In last month’s issue of Beverage Industry, we talked a great deal about preventive maintenance and the pitfalls to avoid when developing proper protocols for such. Now, it’s time to tackle a separate concept that too often gets confused with preventive maintenance, but is an entirely different approach all together: predictive maintenance.

There are a number of key elements that distinguish preventive from predictive maintenance.

For starters, preventive maintenance is typically based on a pre-ordained timetable based on factors like average miles driven by a particular vehicle, as well as overall hours spent on the road. It’s largely schedule-driven and time-based, involving regular maintenance at prescribed intervals, whether or not an operational issue is imminent.

real-time monitoring
Image courtesy of Fleetio

By contrast, predictive maintenance is data-driven and condition-based, relying on real-time monitoring and more advanced technologies like Internet-of-Things (IoT) sensors, machine learning and data analytics to predict failures and perform maintenance only when necessary.

“[Predictive maintenance] can generate long-term cost-savings and optimize resource use, but requires a much larger investment,” says Andrew Bartholomew, product marketing analyst at Fleetio, Birmingham, AL.

On the other hand, preventive maintenance, Bartholomew says, is easier and cheaper to implement.

“Preventive maintenance … is easier to adopt and can be a good stepping stone to predictive maintenance,” he notes. “Preventive maintenance reduces the risk of downtime and extends asset life through routine servicing.”

Despite the greater investment cost of predictive maintenance, implementing it can generate significant savings and downtime reduction. In fact, the U.S. Department of Energy estimates that functional predictive maintenance can help fleets realize a reduction in maintenance costs of up to 25 to 30%. Additionally, fleets can achieve a 35 to 45% reduction in downtime.

“Predictive maintenance for trucks is particularly valuable for components that are operationally critical and can be predicted in a cost-effective manner,” Bartholomew adds. “Examples include the engine, brakes, tires and battery. In the engine and powertrain, sensors can monitor oil quality, vibration patterns and component wear to prevent failures.”

engine maintenance
Image courtesy of Fleetio

Brake systems, he explains, benefit from sensors that track brake pad wear and brake fluid quality, ensuring that they’re replaced in a timely manner. Meanwhile, tire pressure, temperature and tread-depth sensors help predict tire failures and optimize replacement schedules.

“Monitoring battery health and performance can prevent costly electrical failures in the battery, alternator and starter motor,” Bartholomew continues.

Predictive technologies continue to evolve and improve, and likely have already done so significantly in the brief timespan between the writing of this article and its subsequent publication.

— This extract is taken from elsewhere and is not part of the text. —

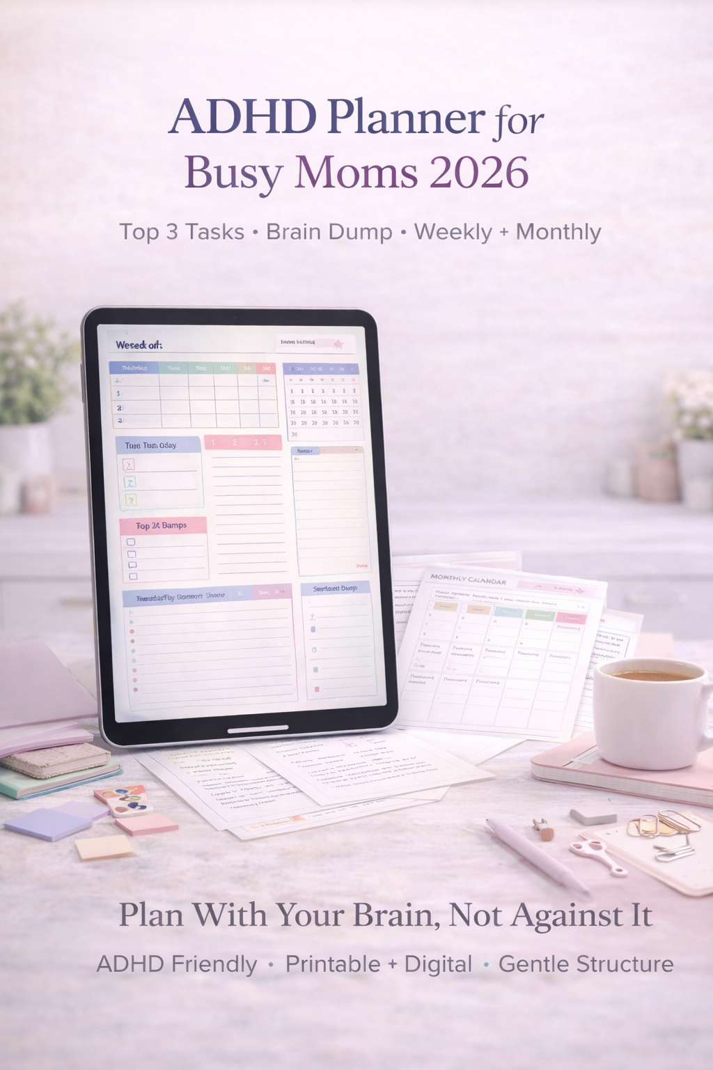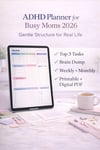 ADHD Planner for Busy Moms 2026 | Printable & Digital PDF, Weekly & Monthly Organizer, Brain Dump & Top 3 Tasks
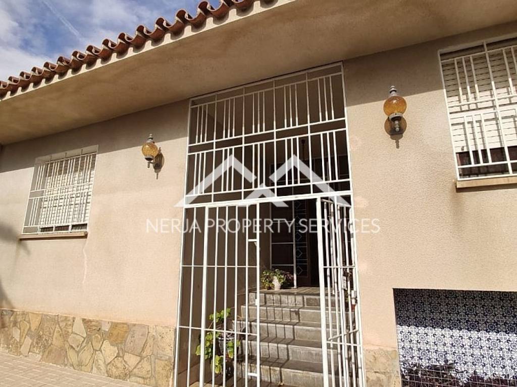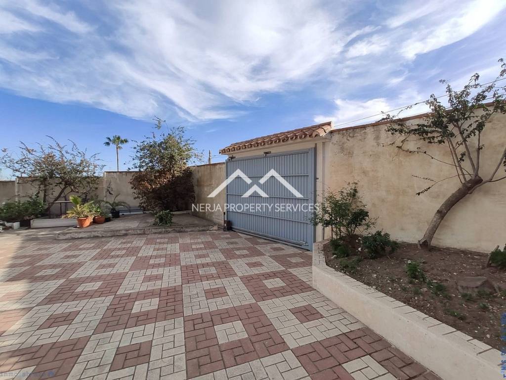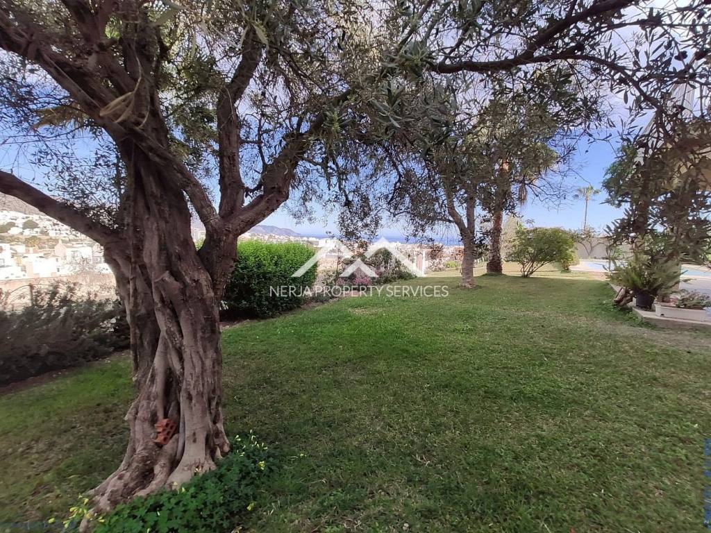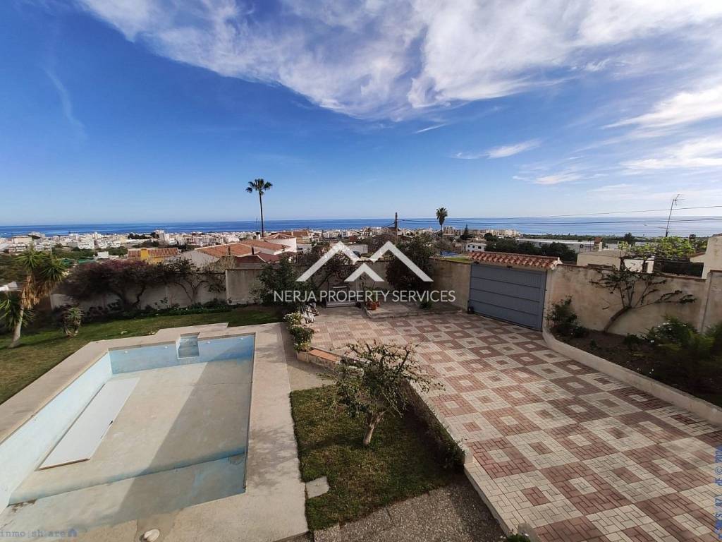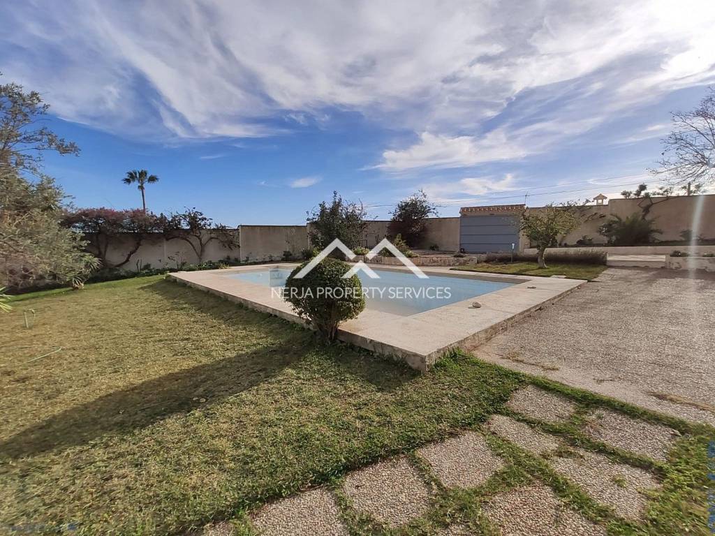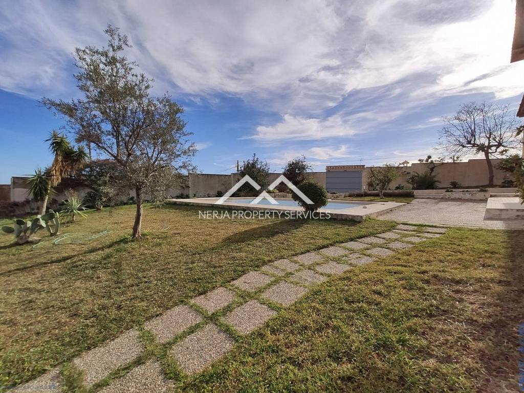 Magnifica casa situada a las afueras de Nerja en vía Castillo Alto, en una de las zonas más privilegiadas de Nerja, sobre una loma, con el mar a 1,5 kms y con la sierra a sus espaldas. Excelentes y relajantes vistas, que no se ven perturbadas por ninguna otra construcción. Se trata de una vivienda con más de 30 años de antigüedad, fue construida por sus propietarios que la han usado siempre como primera vivienda. La casa principal dispone de hall, 4 habitaciones, tres baños completos, salón comedor, cocina de unos 20m2, tres terrazas una de ellas acristalada con vistas al mar, deposito receptor de agua de lluvias, trastero. En la planta baja dispone de un amplio estudio con aseo, y apartamento para invitados, con concina, baño, y dormitorio independiente, porche y un amplio jardin de hierba natural. La casa dispone de jardines, piscina privada y dos plaza de garaje cubiertas. El propietario además era un arquitecto constructor de éxito en America, y este proyecto fue su vivienda donde disfrutar de su retiro. Las calidades de construcción son inmejorables, impensables para nuevas construcciones actuales, como demuestra entre otras cosas, el que la casa no tenga ni una mínima grieta, ni ningún otro desperfecto. En su interior se encuentran los mejores materiales disponibles en la época, como por ejemplo los mármoles de su amplio salón de más de 50m2, así como toda la cerámica e instalaciones de suministros. Evidentemente sus sanitarios, moquetas, carpinterías, no son nada actuales, pero con una pequeña inversión a nivel de decoración, se pueden obtener resultados fantásticos....

Predictive maintenance is not necessarily a replacement for preventative maintenance, as the two can complement each other.

“By continuously monitoring the key components through IoT sensors, predictive maintenance allows for maintenance tasks to be performed just before a failure is likely to occur,” Bartholomew points out. “When paired with preventive maintenance, which schedules routine checks and services at regular intervals, fleet managers can create a robust maintenance strategy.

This combination ensures that while regular preventive tasks keep the fleet in good condition, predictive maintenances addresses specific issues as they arise, further minimizing unexpected breakdowns and optimizing maintenance efforts. This dual approach enhances the reliability and efficiency of the fleet, translating into substantial cost savings and improved operational uptime.”